*** Opening of Records to process ***

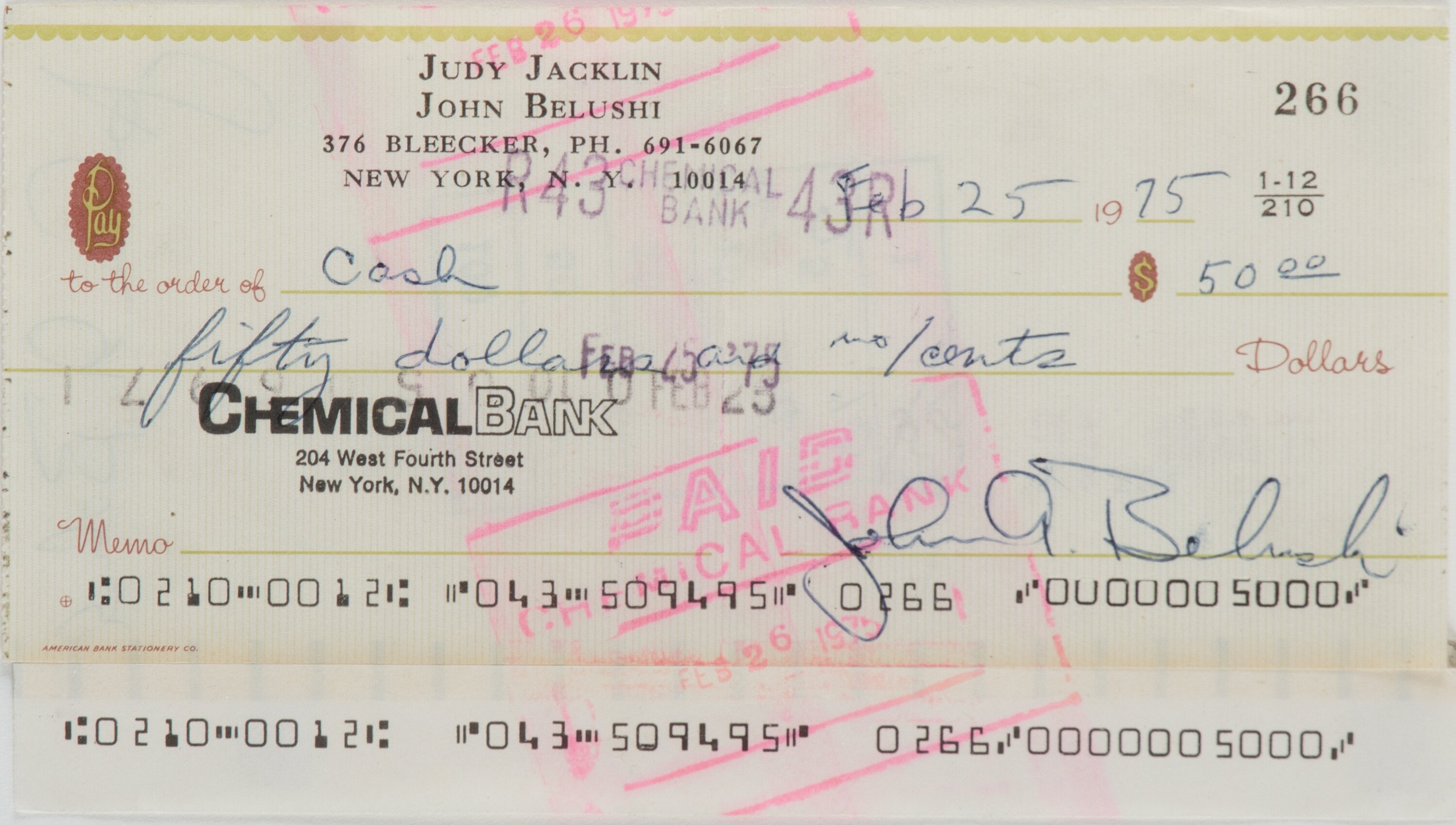 John Belushi Signed Bank Check
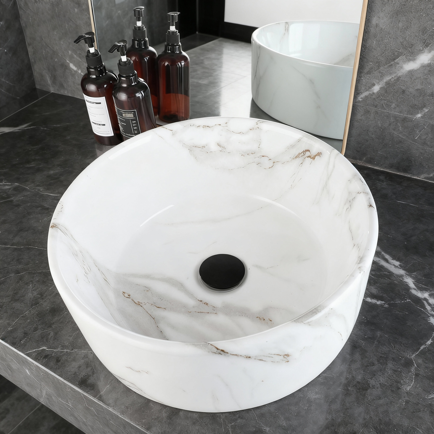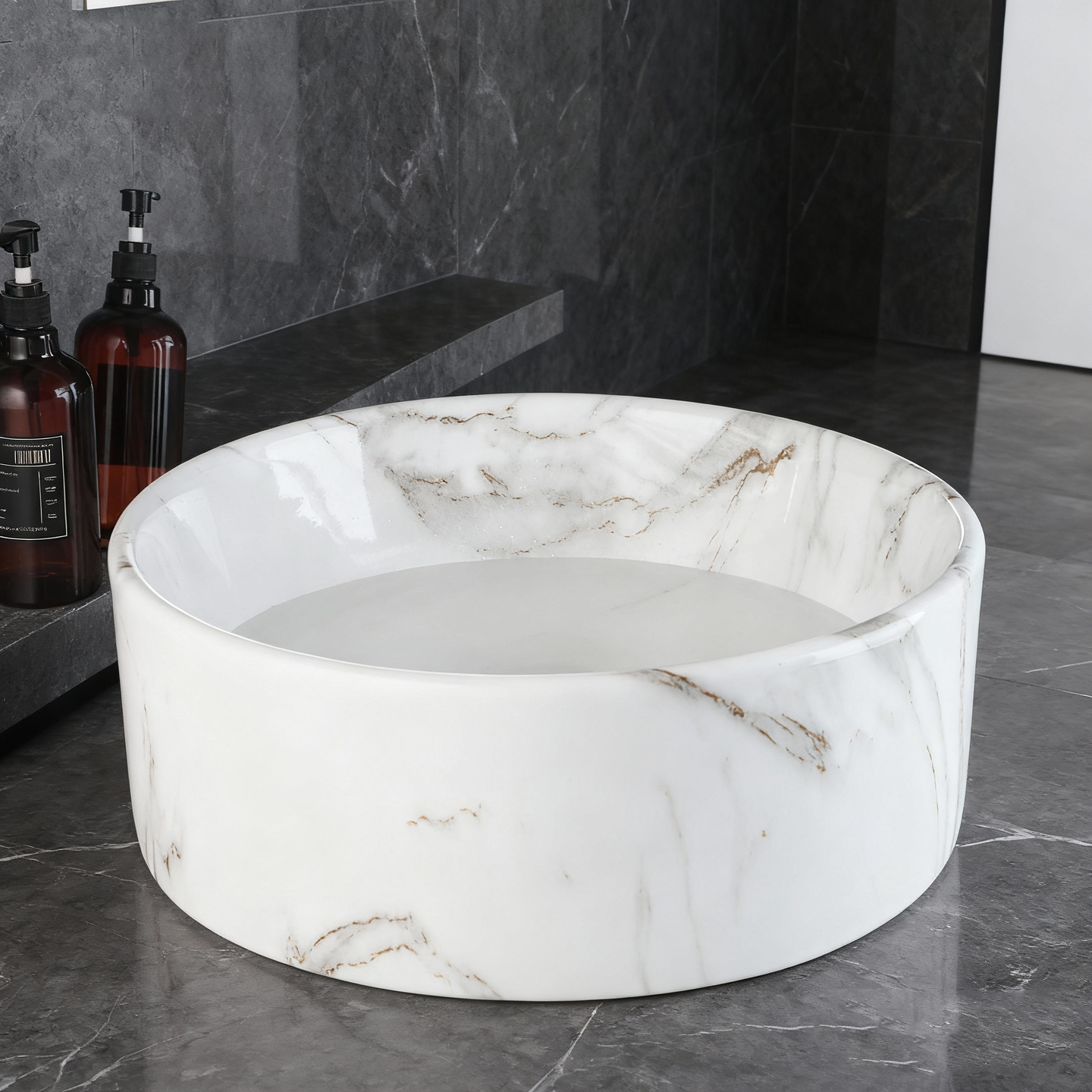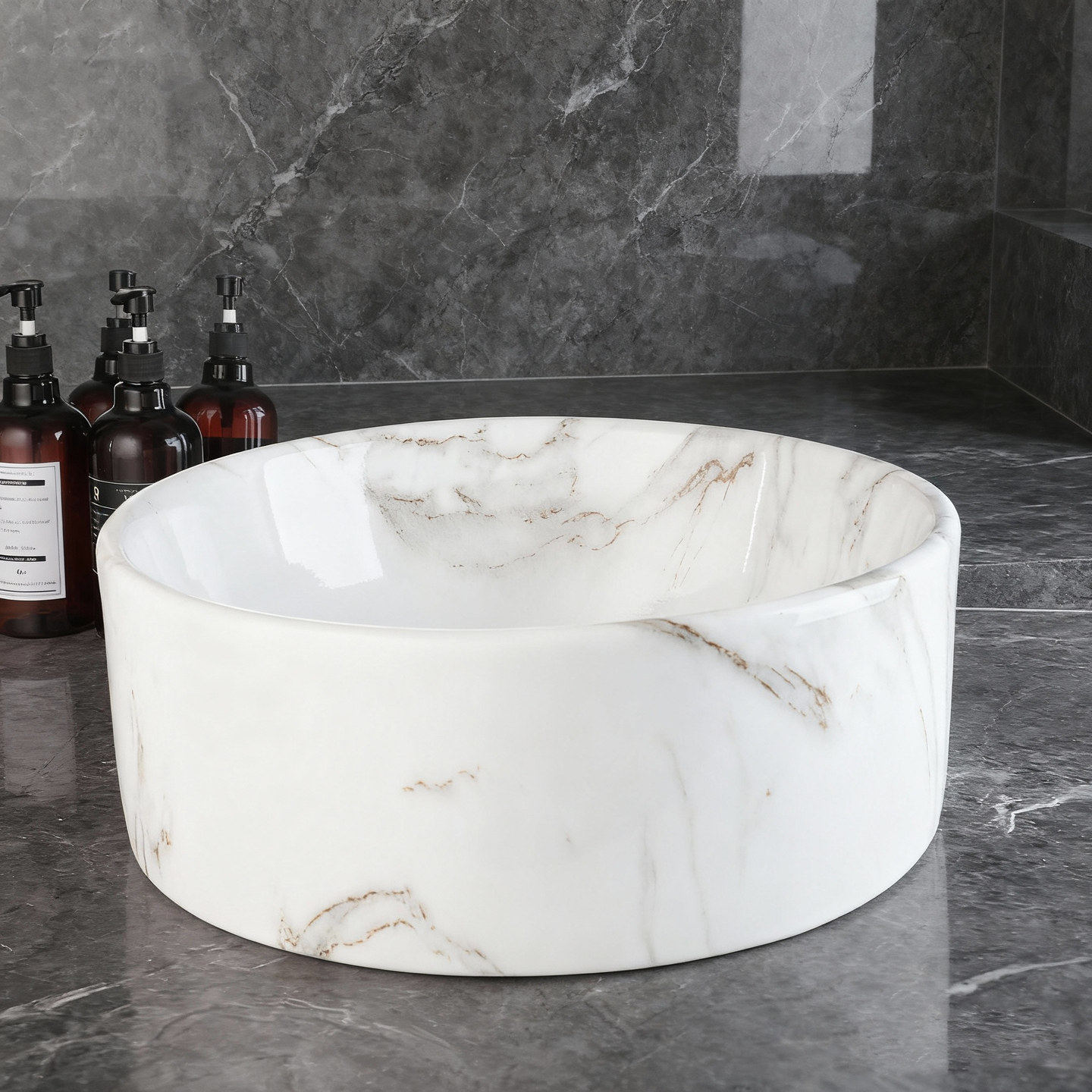 - Malvizza Luxe Keramische Waskom – Marmerlook Wit
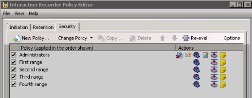 Policies are re-evaluated from top to bottom when an interaction is completed and de-allocates. When you make a change to a Security Policy you can immediately re-evaluate the policy by clicking Re-eval on the toolbar. For the Re-eval button to be available, all policies need to be saved. On the Re-evaluate security policies dialog, select which recordings to apply security policies to.
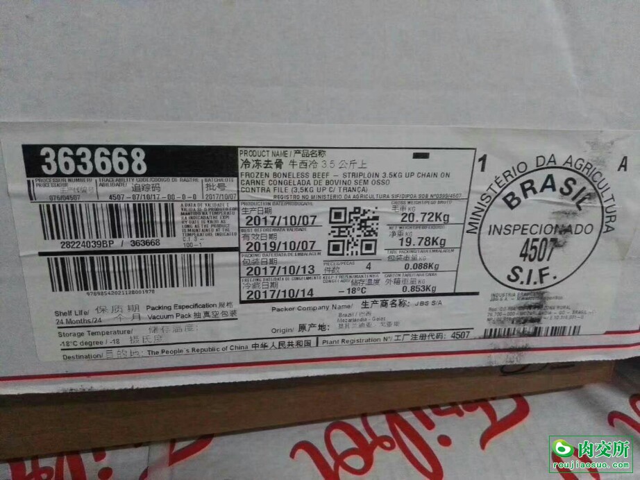 巴西JBS4507/337西冷3.5+.巴西JBS337眼肉心2.5+.现货天津。正关,一手货源。
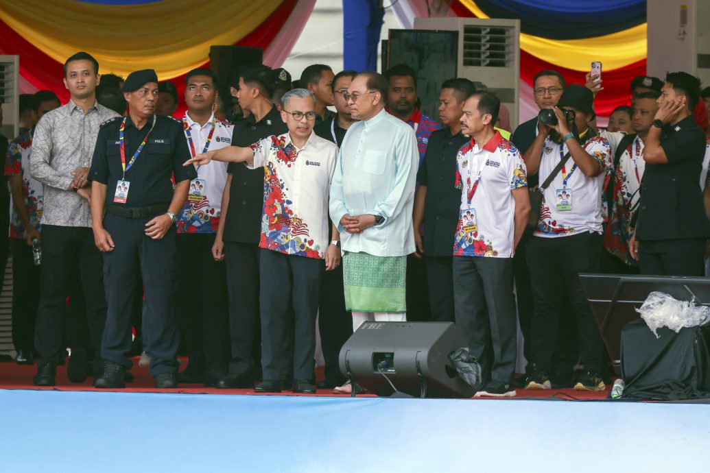 随后,安华在通讯部长拿督法米陪同下巡视彩排情况,并聆听庆典流程简报。
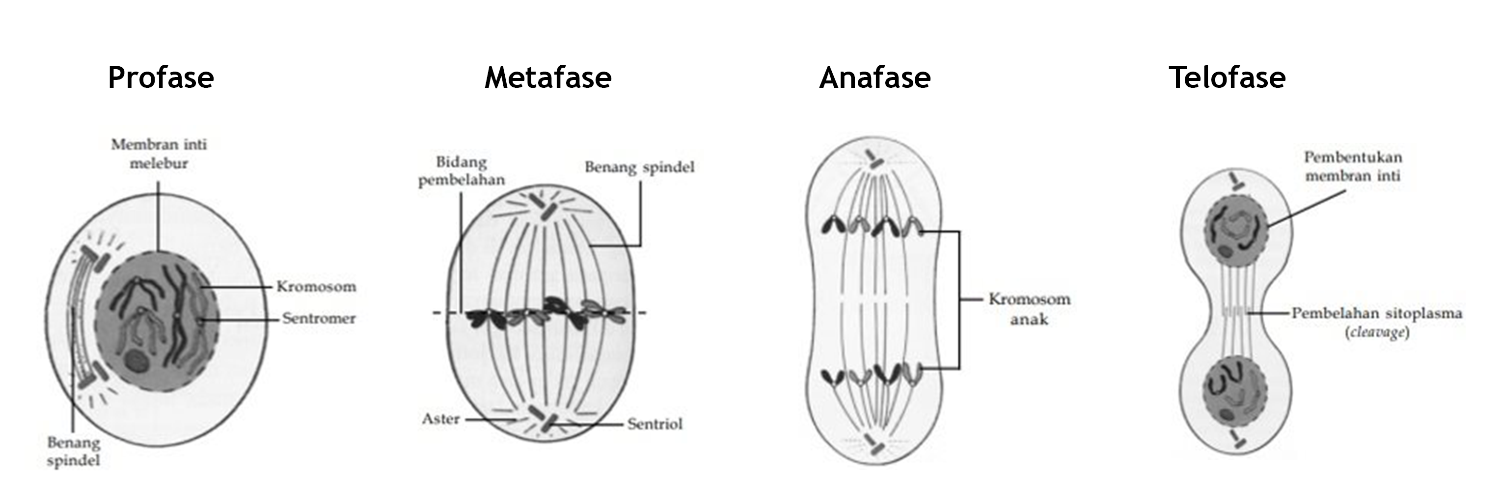 Tahap pembelahan sel secara mitosis selalu diawali dengan fase interfase. Setelah sel melewati fase interfase, selanjutnya sel akan masuk kedalam fase mitotik atau fase pembelahan. Fase pembelahan sel secara mitosis dapat dibagi menjadi 4, yaitu profase, metafase, anafase, dan telofase.
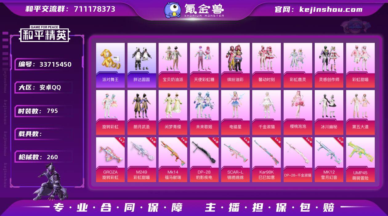 实名: 可修改 时装数: 795 枪械数: 260 热门装扮: 宝贝奶油派,天使彩虹糖,缤纷油彩,馨动时刻,彩虹鹿灵,灵感创作师,朗月武圣,彩虹甜喵,旋转彩虹,冰川幽秘,潮萌小黄鸭,胖达圆圆,兔兔白日梦,派对舞王,第五大道,未来歌姬,闲梦青缨,电磁星,千金淑猫,樱桃泡泡 稀有枪皮: M249彩虹甜喵,GROZA旋转彩虹,SCAR-L-锦绣绵绵,DP-28-千金淑猫,Kar98K-巳巳如意,MK12-雪月幻音,DP-28-豹影疾电,MK14-福马献瑞,UMP45-萌骑冒险 亮点: 【优质装备】:派对舞王(小金鞋),舞王派对(派对舞王、小金鞋),缤纷油彩(猪妹猪脸妹),七级GROZA-旋转彩虹
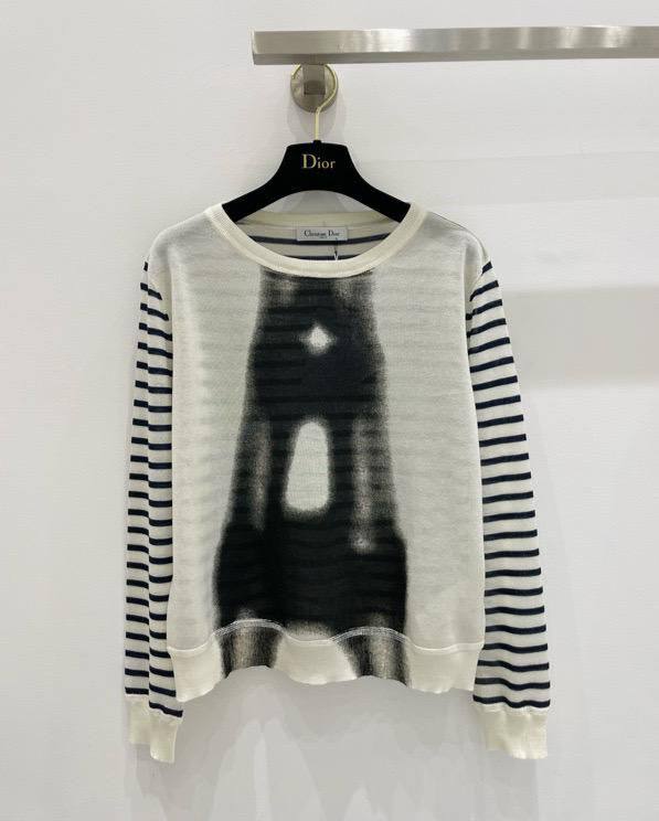 Кофта Christian Dior LUX-105489 выполнена в повседневном стиле. Кофта имеет белый цвет с черным принтом в виде рисунка и полосатыми рукавами. Идеально подходит для создания стильных образов на каждый день.
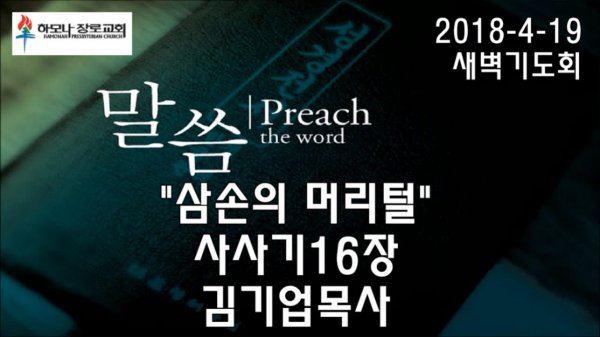 2018-4-19, "삼손의 머리털", 사사기16장, 새벽기도회, 하모나장로교회, 김기업 목사
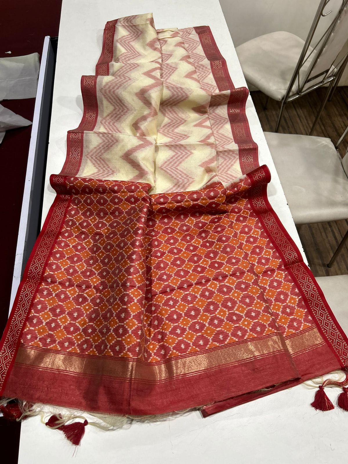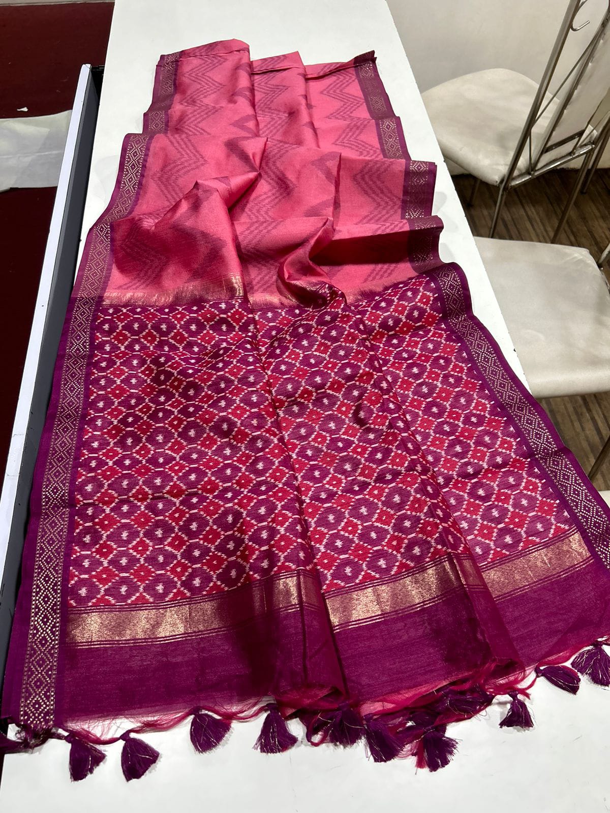 Description - Dual tone silk sarees with all over zari weaves, Contrast pallu and designer chaap border.Tassels attached.
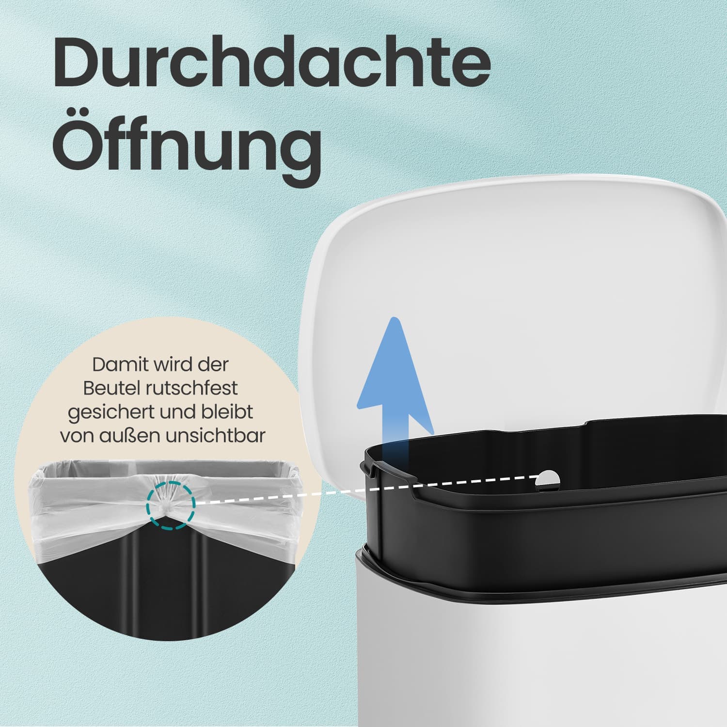 Check out the highlights of this pedal bin: – It has a capacity of 50 liters. – You can simply press the pedal to open the lid. – The lid can remain open for a longer period of time. – It closes slowly and gently without making any noise. – It comes with a removable plastic inner bucket. – The inner bucket has an opening for the plastic bag.Product details:- Color: White- Material: Steel, PP plastic (inner bucket)- Overall size: 42.4 x 32 x 65 cm (L x W x H)- Inner bucket size: 40.4 x 27.4 x 58.4 cm (L x W x H)- Total height (with lid open): 93 cm – Weight: 6.2 kg Scope of delivery: – 1 x trash can SONGIMC Notes: – To clean the product, wipe it with a soft, damp cloth and use mild cleaning agents if necessary.
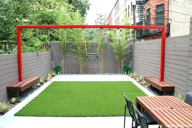 If you have a happy family and small children, Of course, this design is suitable for next to your house. You can turn your side garden into a fun children’s playground for your child. For that, you can add games such as swings and slides to make them feel happy playing.

*** Close of Records to process ***

Leaving out every picture, repeat exactly the lines of the records from the start through the line that has "Tahap pembelahan sel".

 John Belushi Signed Bank Check
 - Malvizza Luxe Keramische Waskom – Marmerlook Wit
 Policies are re-evaluated from top to bottom when an interaction is completed and de-allocates. When you make a change to a Security Policy you can immediately re-evaluate the policy by clicking Re-eval on the toolbar. For the Re-eval button to be available, all policies need to be saved. On the Re-evaluate security policies dialog, select which recordings to apply security policies to.
 巴西JBS4507/337西冷3.5+.巴西JBS337眼肉心2.5+.现货天津。正关,一手货源。
 随后,安华在通讯部长拿督法米陪同下巡视彩排情况,并聆听庆典流程简报。
 Tahap pembelahan sel secara mitosis selalu diawali dengan fase interfase. Setelah sel melewati fase interfase, selanjutnya sel akan masuk kedalam fase mitotik atau fase pembelahan. Fase pembelahan sel secara mitosis dapat dibagi menjadi 4, yaitu profase, metafase, anafase, dan telofase.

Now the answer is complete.